On the basis of pathophysiology including inflammatory, traumatic, neoplastic, vascular, and iatrogenic acute lower gastrointestinal bleeding are grouped into several categories. Some of the common causes of lower gastrointestinal bleeding is angiodysplasia or angiectasia, diverticular disease, colitis including ulcerative colitis and Crohn's disease, neoplasms including colorectal cancer, benign anorectal lesions such as haemorrhoids, rectal ulcers and anal fissures [10]. As demonstrated in our case, endometriosis is found to be the rare cause of a lower gastrointestinal bleeding. Other symptoms such as dyspareunia and bleeding may occur during menstruation. However, cyclic pain is not pathognomonic for endometriosis and occurs with irritable bowel syndrome and inflammatory bowel disease which may get worse during menstruation [5]. Our present case report is different in which the patient is presented with mainly painless periodic lower gastrointestinal bleeding without any history of gynecological problems. The repeated colonoscopy within months did not reveal any cause for the recurrent bleeding.

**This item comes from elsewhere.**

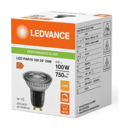 Ledvance LED PAR16 GU10 Reflector 8W 750lm 36D - 827 Extra Warm White | Dimmable Replaces 100W
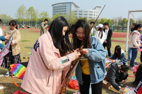 必一运动外联部部长汪明乐首先向大家致欢迎词并介绍了活动目的,朱慧宇介绍了活动的具体规则。第一项是“手绘吾筝”。同学们席地而坐,蘸着彩色颜料在风筝上描绘着图案,随后由负责人对选手的风筝作品进行评比。风筝准备就绪后,同学们怀着激动的心情,进入第二项“群鹰翱翔”。他们三两一组将风筝组装好,陆续把一个个蓝天精灵送上高空,操场上一片群“筝”荟萃的景象。

The diagnosis of endometriosis can be a challenging task for even experienced general practitioners, general surgeons and gastroenterologists who may get to deal with patient with unspecific symptoms. Around one third of confirmed or suspected women suffering from endometriosis reports one or other gastrointestinal symptoms despite assured intestinal involvement [11]. Any delay in the endometriosis diagnosis may lead to significant difficulty for the patient. Furthermore, patients with endometriosis reported increased incidence of irritable bowel syndrome (IBS) as compared to healthy individuals, and therefore treatment by gastroenterologist may result in improved symptoms [12]. Extragenital endometriosis are most commonly found in the gastrointestinal tract (rectum, sigmoid colon ileum, cecum and appendix), resulting in approximately 4–37% of patients with endometriosis [2], [13]. Deep wall-invading endometriosis rarely occurs with 1–2% of prevalence [3]. Also, as majority patients suffering from intestinal endometriosis reports only mild symptoms, severe complications such as perforation, bowel obstruction, and gastrointestinal tract bleeding may occur [14]. Diagnosis of intestinal endometriosis in bowel wall (involving submucosa muscularis propria, and/or serosa) is generally simple in resection specimens. The presence of hemosiderin deposition, endometrial stroma, and endometrial glands is referred as ‘diagnostic triad’ and is present in most of the cases. If the endometriosis involves intestinal mucosa, it may lead to diagnostic hurdles, particularly in endoscopic biopsies [15]. In our case, the endoscopic biopsies did not provide a clear explanation of the colonoscopy findings. After multiple conversation regarding the situation and on patient's request the operation was performed. The histology revealed a unique situation in which there was a deep penetration of the endometrial tissue reaching the mucosa of the cecum. The surgical exploration often remains the gold standard for the diagnosis of endometriosis. Although it may be insufficient for the histology in incidents where pelvic extension of the disease is inactive or has gone into convalescence. Thus, definitive diagnosis is attained only by histological proof of endometriotic tissue of the resected bowel [15].

4. Conclusion

Endometriosis must be considered in patients presented with diagnostic challenge or if they fail to respond to preliminary treatments for other gastrointestinal diagnoses such as IBS. It should be especially considered in patients with history or risk factors such as early nulliparity, menarche, retrograde menstruation, haematocolpos or even with positive family history. Moreover, endometriosis should be deemed as gastrointestinal pathology as much as a gynecological one, and surgeons and physicians ought to be aware of its presentation.

CRediT authorship contribution statement

Khalid Alyahyawi designed the concept, analyzed and interpreted the findings, wrote and reviewed the final paper.

Declaration of competing interest

The author declares no conflict of interest.

Acknowledgments

Acknowledgements

None.

Sources of funding

No external funding.

Consent

Written informed consent was obtained from the patient for publication of this case report and accompanying images. A copy of the written consent is available for review by the Editor-in-Chief of this journal on request.

Research registration

Not applicable.

Guarantor

Khalid Alyahyawi

Provenance and peer review

Not commissioned, externally peer reviewed.

Ethical approval

Ethical approval is not required.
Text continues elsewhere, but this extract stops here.